Already 14 sites in Houston have recorded more than 40 inches of rain and 36 different locations have recorded more than 3 feet.

Although forecasters had feared that another 2 feet could fall in some places, it appeared that the outlook had improved somewhat on Tuesday. The weather service said the amount of rain falling in the Houston area would be 2 to 3 inches, perhaps a little less in Houston proper, as the storm moved east.

But southeastern Texas and southwestern Louisiana still would see "relentless torrential rains," with another 6 to 12 inches of rain across the upper Texas coast through Friday as Harvey continues to move slowly east over the Gulf of Mexico maintaining tropical storm force winds of 45 mph, the National Hurricane Center said.

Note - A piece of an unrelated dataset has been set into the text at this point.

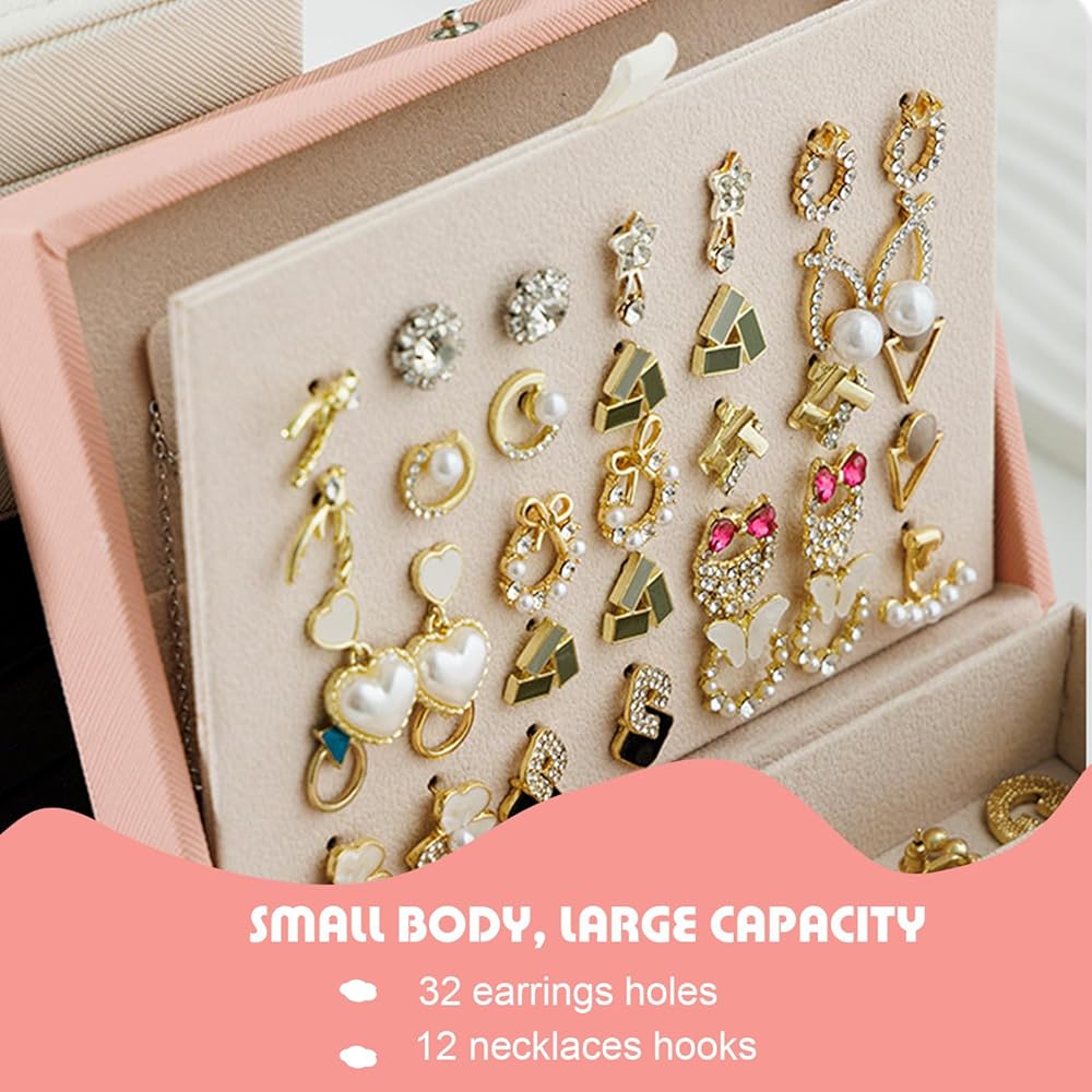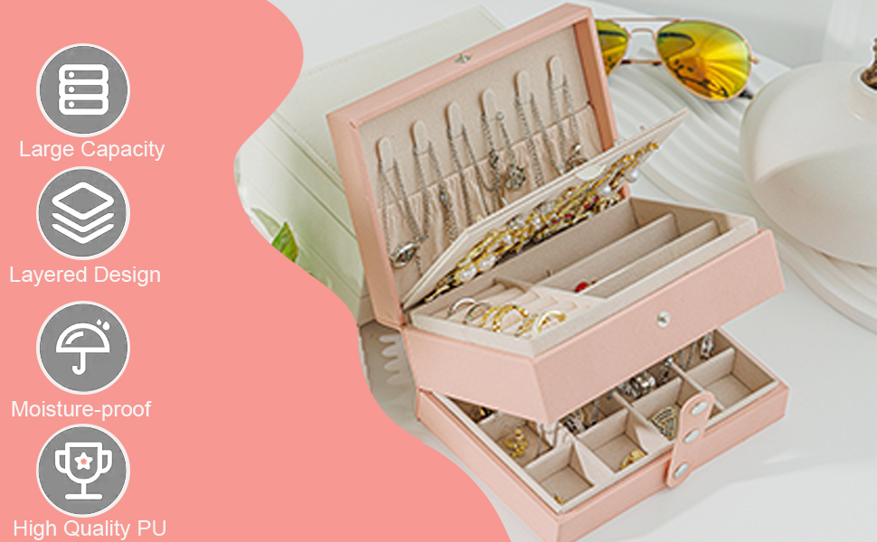 3-Layer Large Capacity Design:The 3-layer design efficiently stores your collection.The top lid section has 6 hooks and lower elastic pockets to hold necklaces, bracelets perfectly in place, and the middle section has a stud panel to hold more then 15 pairs of earrings. 7 ring rolls, 6 divided bottom compartment to store rings, bracelets, cuffs, earrings, studs, brooches, watches and other keepsakes.

It is expected to make landfall again Wednesday morning, probably in southwestern Louisiana

Calls for rescue have so overwhelmed emergency teams that they have had little time to search for bodies. And officials acknowledge that fatalities from Harvey could soar once the floodwaters start to recede from one of America's most sprawling metropolitan centers.

More than four days after the storm ravaged the Texas coastline as a Category 4 hurricane, authorities had confirmed only three deaths — including a woman killed Monday when heavy rains dislodged a large oak tree onto her trailer home in the small town of Porter. But unconfirmed reports of others missing or presumed dead were growing.

The disaster is unfolding on an epic scale, with the nation's fourth-largest city mostly paralyzed by the storm that arrived as a Category 4 hurricane and then parked over the Gulf Coast. The Houston metro area covers about 10,000 square miles (25,900 square kilometers), an area slightly bigger than New Jersey.

Harvey kept drenching Houston and the surrounding area. Rain fell Tuesday at about half an inch (1 centimeter) per hour over Harris County — home to Houston — and up to 2 inches (5 centimeters) per hour to the east.

Forecasters expect the storm to linger over the Gulf before heading back inland east of Houston sometime Wednesday. The system will then head north and lose its tropical strength.

It could creep as far east as Mississippi by Thursday, meaning New Orleans, where Hurricane Katrina unleashed its full wrath in 2005, is in Harvey's path. Foreboding images of Harvey lit up weather radar screens early Tuesday, the 12th anniversary of the day Katrina made landfall in Plaquemines Parish.